**MATERIALS PROVIDED**.
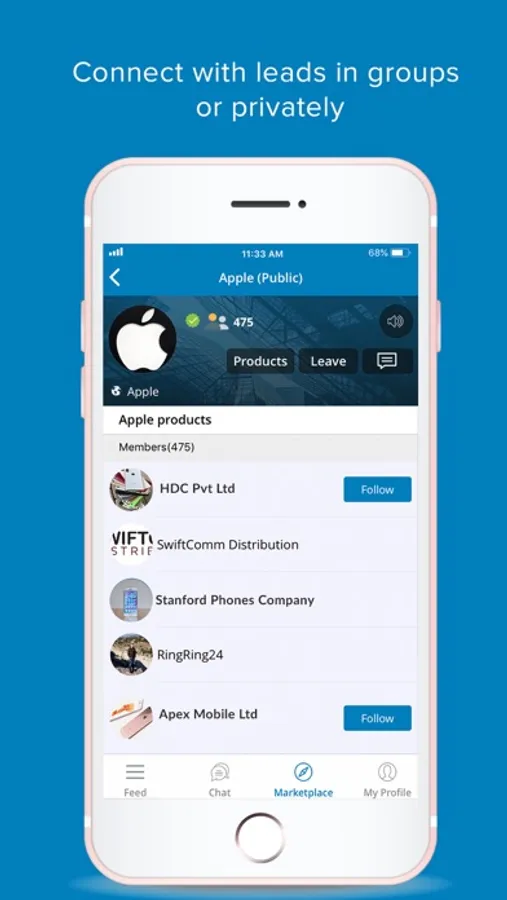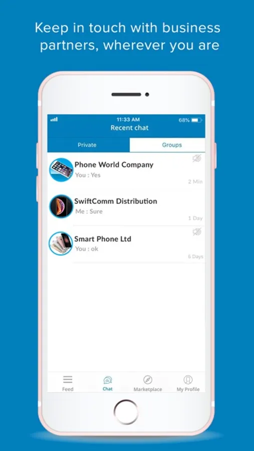* Chat/Group chat: You can interact with other users with featured chat section in the app, you have group chat under various Marketplace topics, so similar user can get in single group to interact on common technology.
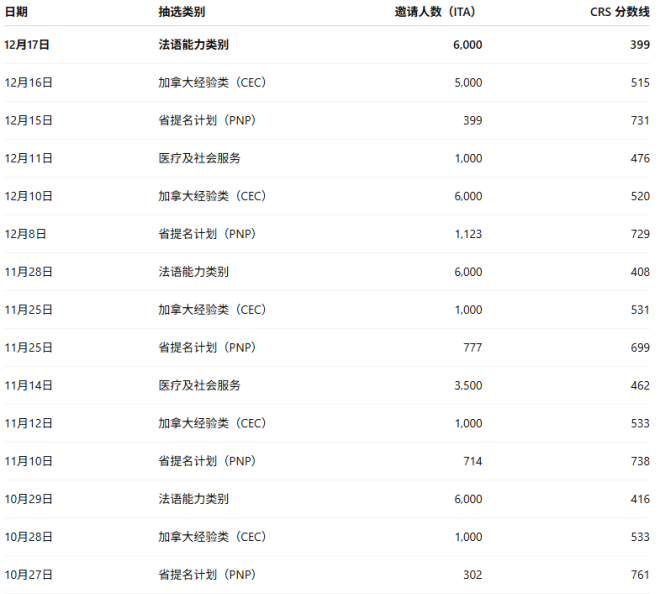 就在12月15日至17日短短3天内,IRCC通过快速通道(Express Entry,EE)连续发出3轮邀请,覆盖加拿大经验类(CEC)、省提名(PNP)、以及法语类别。
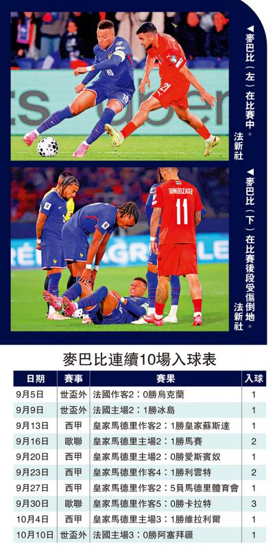 法國周五在世界盃外圍賽歐洲區D組主場迎戰阿塞拜疆,皇馬前鋒基利安麥巴比以精彩表現為法國隊先開紀錄,創下個人連續10場在球會及國家隊賽事中入球的紀錄。法國最終以3:0大勝,全取3分後,小組3戰全勝高踞榜首。然而,球隊亦傳來壞消息,麥巴比在比賽末段觸傷足踝舊患,可能因此缺席14日(下周二)作客對陣冰島的世界盃外圍賽。\大公報記者 梁潤森
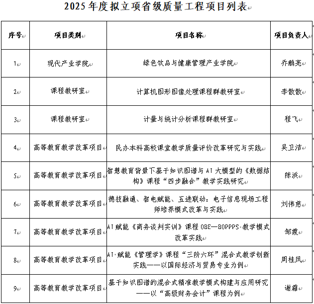 【本网讯】近日,广东省教育厅发布《关于2025年度广东省本科高校教学质量与教学改革工程拟立项项目的公示》,学校申报9项,入选9项,立项率100%。拟立项项目包括省级现代产业学院1项(管理学院),省级课程教研室2项(工学院、商学院),省级高等教育教学改革项目6项(学校办公室1项、工学院2项、管理学院1项、商学院1项、会计学院1项),充分彰显了学校在教育教学改革方面的扎实成效。
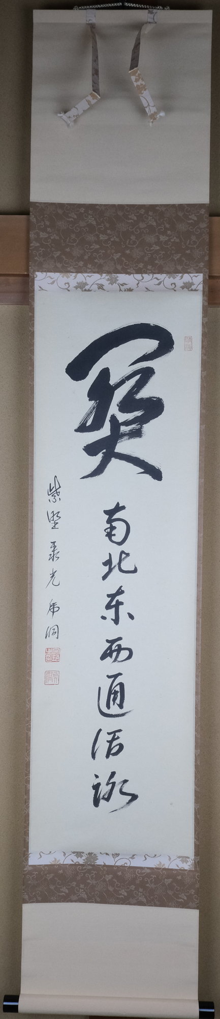 U-kz02749 【出物】 掛軸 一行「關(関) 南北東西通活路」 小野澤虎洞

**TASK TO COMPLETE**.
All pictures are to be skipped; the lines from the first line of the records through the line containing "就在12月15日至17日短短" are to be repeated exactly, both ends included.

**REPLY TO THE TASK**.
* Chat/Group chat: You can interact with other users with featured chat section in the app, you have group chat under various Marketplace topics, so similar user can get in single group to interact on common technology.
 就在12月15日至17日短短3天内,IRCC通过快速通道(Express Entry,EE)连续发出3轮邀请,覆盖加拿大经验类(CEC)、省提名(PNP)、以及法语类别。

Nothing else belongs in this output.